The Forum for Partners in Iran's Marketplace

December 2016, No. 81

IMIDRO Exclusive

JCPOA Was a Very Great Deal

The question is if the agreement had not been signed, what would be the economic situation of the country today? This is a reality that is overlooked especially in the political field some events are quickly forgotten.”

Dr. Mehdi Karbasian, Managing Director of IMIDRO

A senior Iranian economist says the agreement signed over Iran’s nuclear program last year was a very good deal.

The Joint Comprehensive Plan of Action (JCPOA) known commonly as Iran deal or Iran nuclear deal, is an international agreement on the nuclear program of Iran reached in Vienna on 14 July 2015 between Iran, the P5+1 (the five permanent members of the United Nations Security Council—China, France, Russia, United Kingdom, United States—plus Germany), and the European Union.

In response to this group of people, Dr. Mehdi Karbasian, Chairman of the Iranian Mines and Mining Industries Development and Renovation Organization (IMIDRO) said: “We should admit that JCPOA was a very great deal. The question is if the agreement had not been signed, what would be the economic situation of the country today? This is a reality that is overlooked especially in the political field some events are quickly forgotten.”

Speaking in a press interview, Karbasian added: “This is a historical problem and I believe that although we have a good memory about history, very soon we forget great decisions and everything would lose color.”

Stressing that prior to Iran nuclear deal, even the government itself had to transfer money outside Iran through foreign exchange shops, he noted that the objective transfer of money took place through agents such as Babak Zanjani.

Referring to the fact that during the sanctions many large international companies had cut off their relations with Iran, Karbasian reminded: “In the area of mine and mining industries companies like Rio Tinto and PHP did not even respond to our emails nor would their CEOs travel to Iran for negotiations. Several delegations from Europe and Asia have come to Iran for joint investment, market review and even funding projects and have held talks with Iranian sides.”

The IMIDRO chief added: “Export guarantee funds in Europe and Asia which once had put us in their black list are now providing the conditions to guarantee projects and investments. Guarantee funds such as Sache, Hermes, Kefas, Sanchez, and the funds of South Korea and Japan which once would not even guarantee one dollar, after the trip of President Rouhani and negotiations with them by the IRI Central Bank have started their relationship.”

The deputy minister, stressing that the banks have also solved their problems to some extent, said that now in the area of mine and mining industries best international consultants have been applied in the field of brine and the Salt Lake. This issue in other sectors such as the rare earth elements, titanium, iron ore, gold and steel has led to the arrival of new technologies into the mineral industries which ultimately entail transfer of technology, he said.

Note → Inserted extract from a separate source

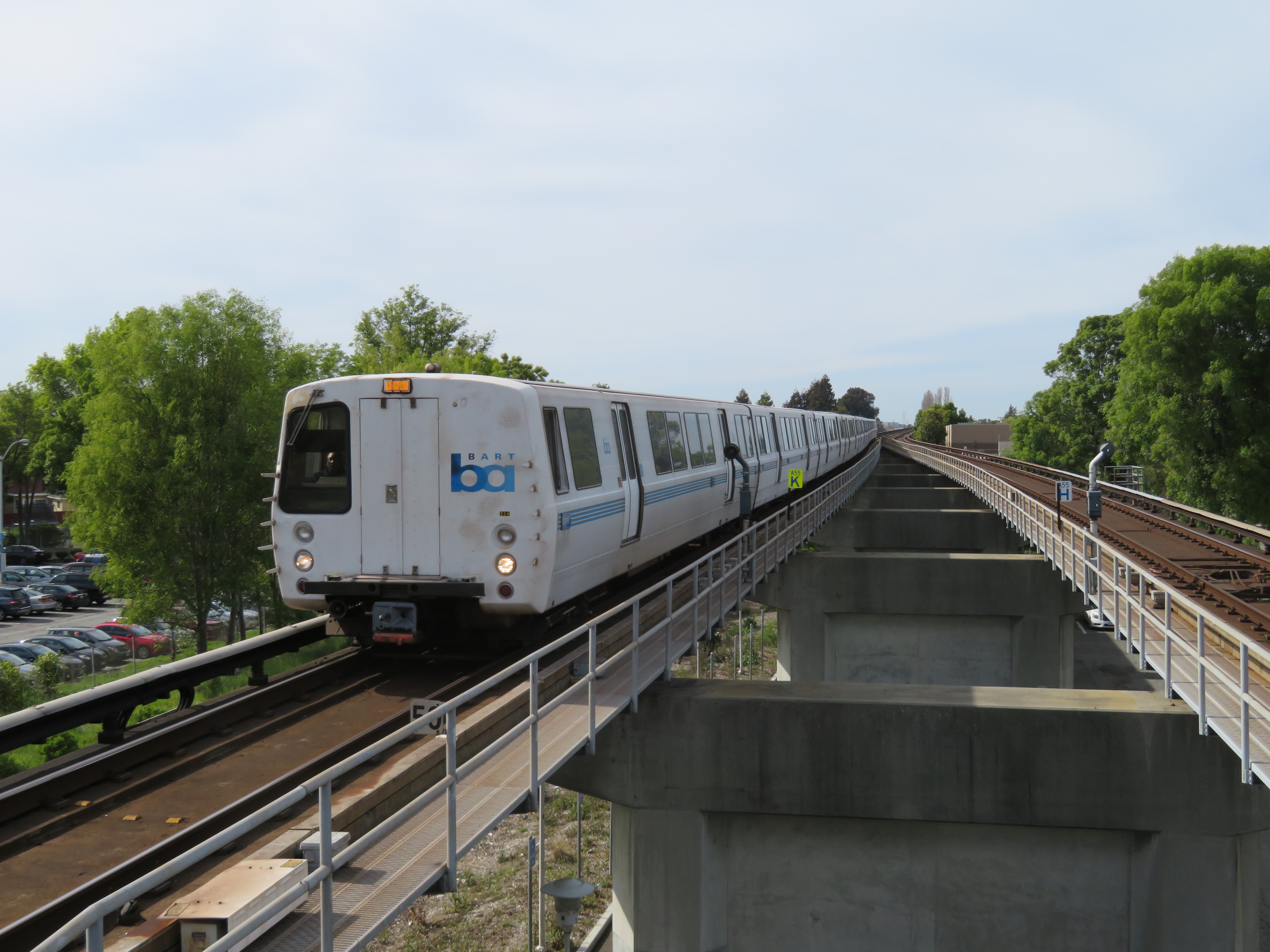 Southbound train approaching Bay Fair station in March 2018

He further remarked: “Obviously, some people may have expected early results in the area of economy but we should bear in mind that there was too much and perhaps exaggerated publicity which naturally raised the expectations.”

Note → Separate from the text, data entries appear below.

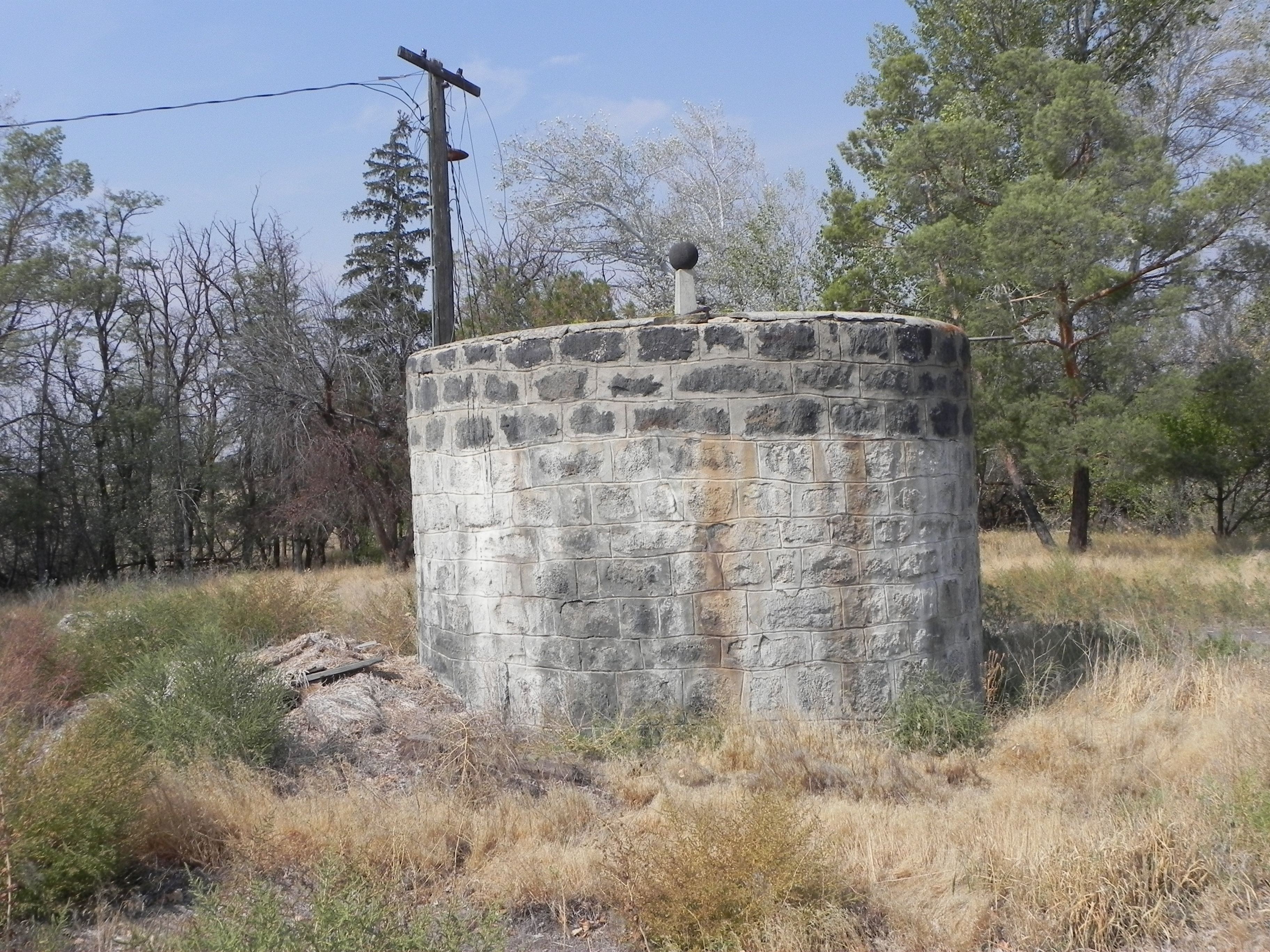 Denton J. Paul Water Tank built in 1910 by stonemason Ignacio Berriochoa.
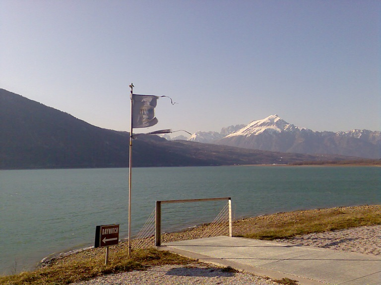 Lake of S. Croce seen from the beach in Poiatte.
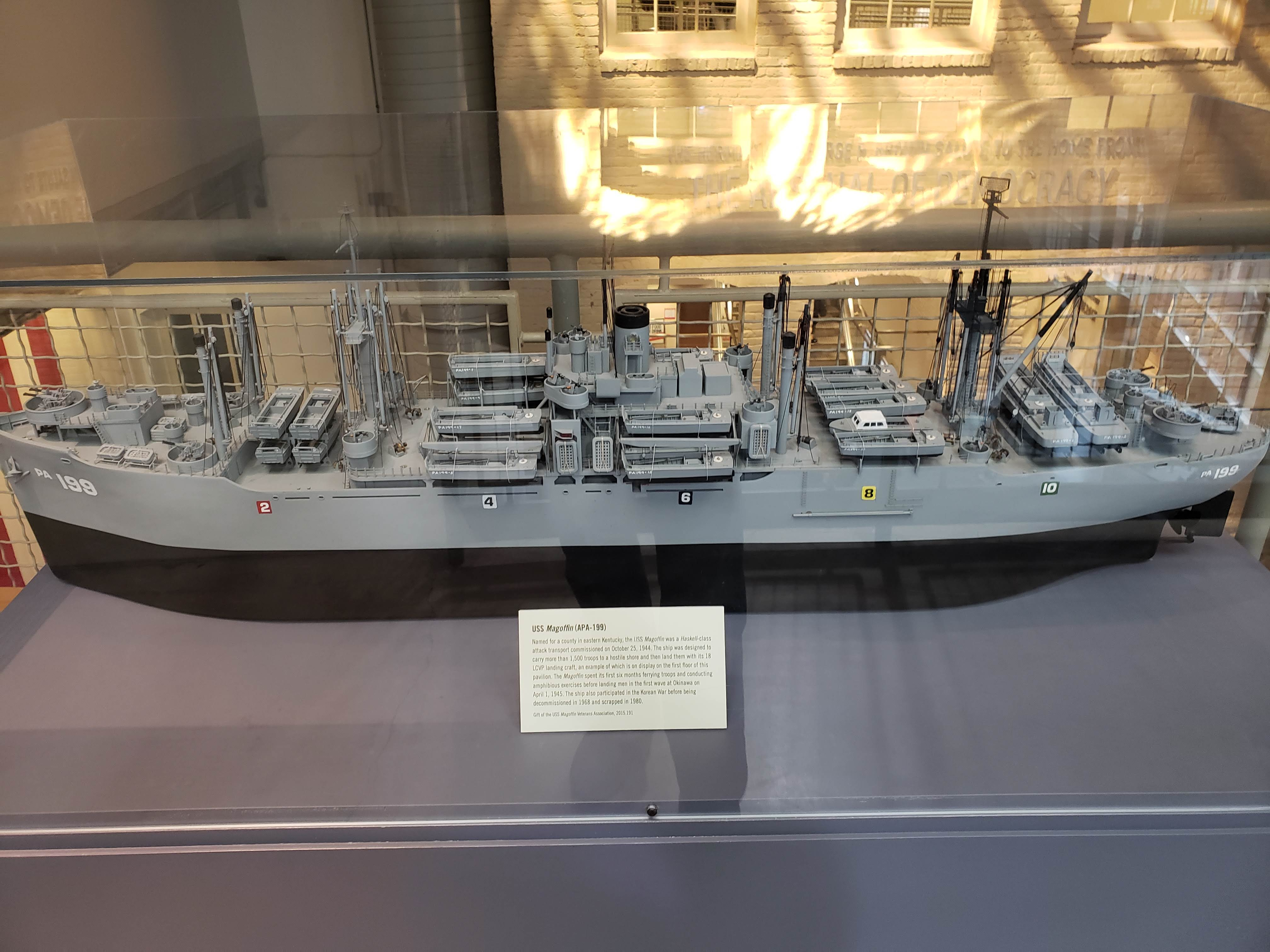 Model of the USS Magoffin at National World War II Museum in New Orleans, Louisiana. Photo taken October 2019.

Karbasian recalling his memories regarding purchase of airplanes under the sanctions said: “Between 2005 and 2009 I was in charge of the Oil Retirement Fund and we decided to purchase two airplanes for one of the oil subsidiary companies, i.e. Oil Aviation Company. However, due to the international sanctions nobody would sell us airplanes. I remember, we finally managed to purchase two airplanes, one of which was Fokker F100, through one of our companies abroad.”

He added: “This difficulty existed for Mahan Aviation Company as well and they made their purchases with difficulty.”

IMIDRO chairman noted that directors with 30 years of work experience will definitely consider the principles of the “resistance economy” and the national economy in their international negotiations. “Fortunately, with the presence of monitoring systems such as the Majlis Research Center and the Inspectorate Organization and other similar supervisory institutions, there is no room for such concerns.”

He said: “Today JCPOA has enabled us to establish relations with the world research institutions and valid international companies for receiving new equipment and modern technologies; for example, the Zarshouran gold mine, was one of the projects which was abandoned under the sanctions and now we exert utmost efforts to raise its output to actual level.”

Referring to the employment of one of the international companies as consultant, Karbasian said: “These consultant companies previously were not ready to speak with us; I am really sorry to say this, but in the first two years of my responsibility in IMIDRO when we intended to hold talks with the consultant companies they would tell us come to Turkey or Dubai. But now, their directors would ask for appointments in order to talk with us. These are the positive points of JCPOA agreement that are overlooked by some.”

He concluded by saying: “True that some people still do not touch the fruits of this agreement and for the same reason the West should accelerate its pace of cooperation.”